## Problem
Leaving the pictures aside, return all of the data below exactly.

━━━━━ Source material

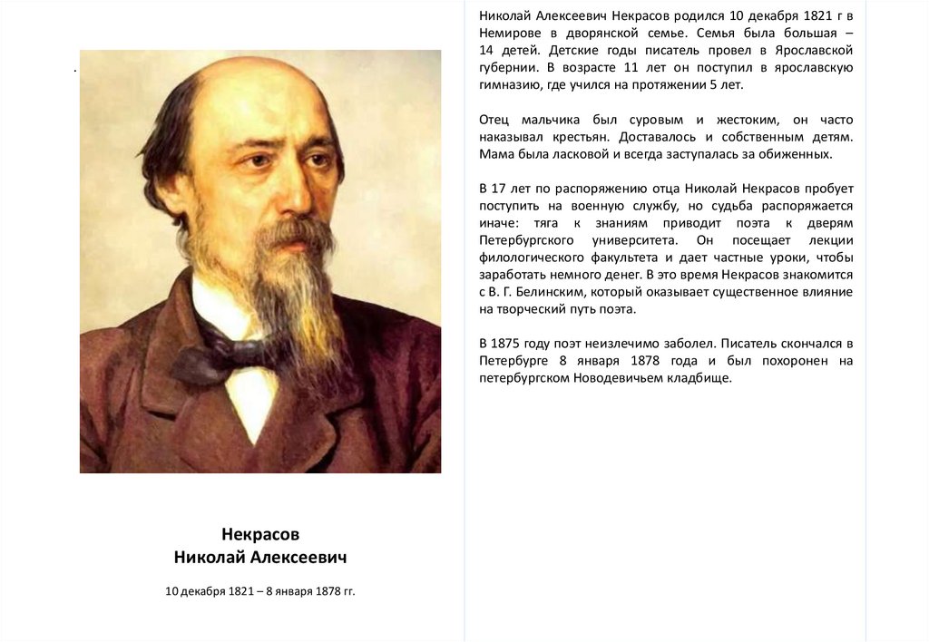 Николай Алексеевич Некрасов родился 10 декабря 1821 г вНемирове в дворянской семье. Семья была большая –
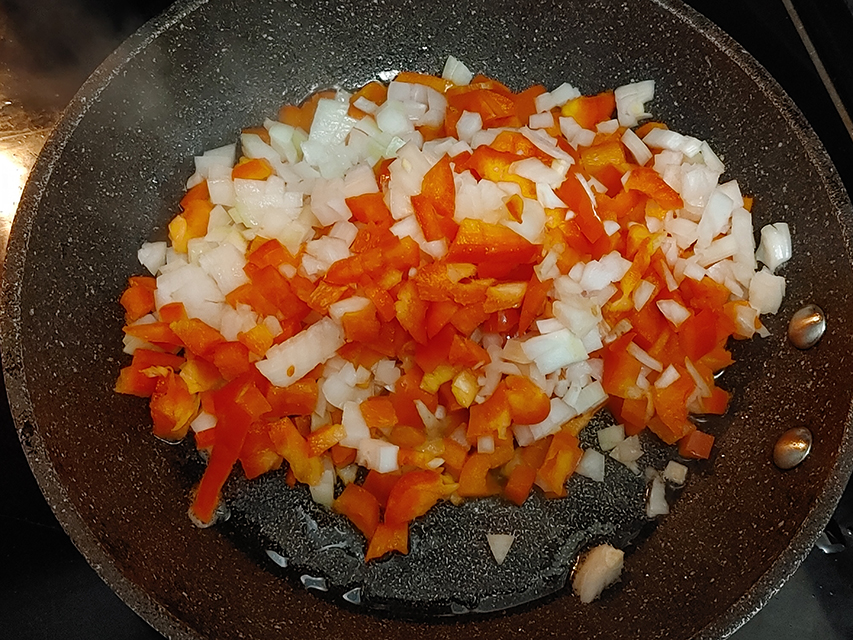 - In a large skillet fry 1 onion, and the red bell pepper with 2 tsp. of olive oil. Fry until the onion is caramelized and the pepper is soft. Season with 1 tbsp. of garlic powder, salt, and pepper.
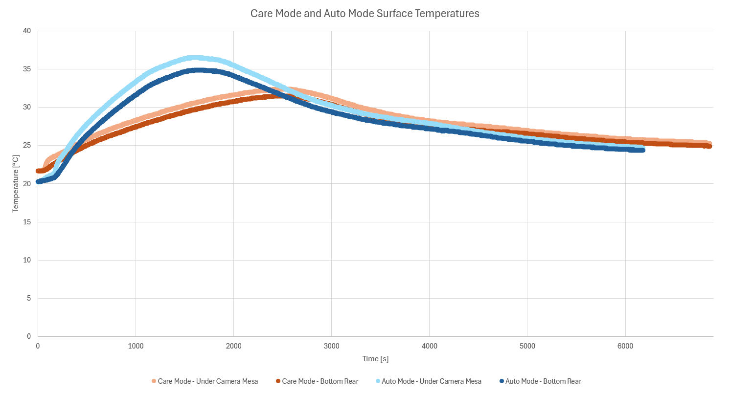 Note that the two tests did have slightly different beginning temperatures, with the Care Mode starting temperature 1.4°C higher.
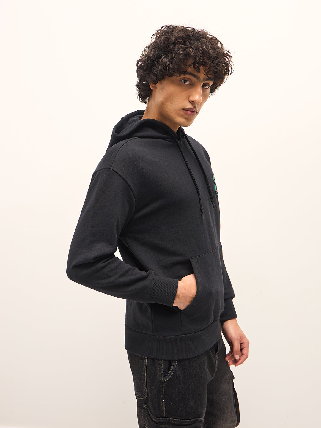 Black Relaxed Fit Hoodie with Embroidered Patch Logo Design

━━━━━━━━━━

## Output of the task
 Николай Алексеевич Некрасов родился 10 декабря 1821 г вНемирове в дворянской семье. Семья была большая –
 - In a large skillet fry 1 onion, and the red bell pepper with 2 tsp. of olive oil. Fry until the onion is caramelized and the pepper is soft. Season with 1 tbsp. of garlic powder, salt, and pepper.
 Note that the two tests did have slightly different beginning temperatures, with the Care Mode starting temperature 1.4°C higher.
 Black Relaxed Fit Hoodie with Embroidered Patch Logo Design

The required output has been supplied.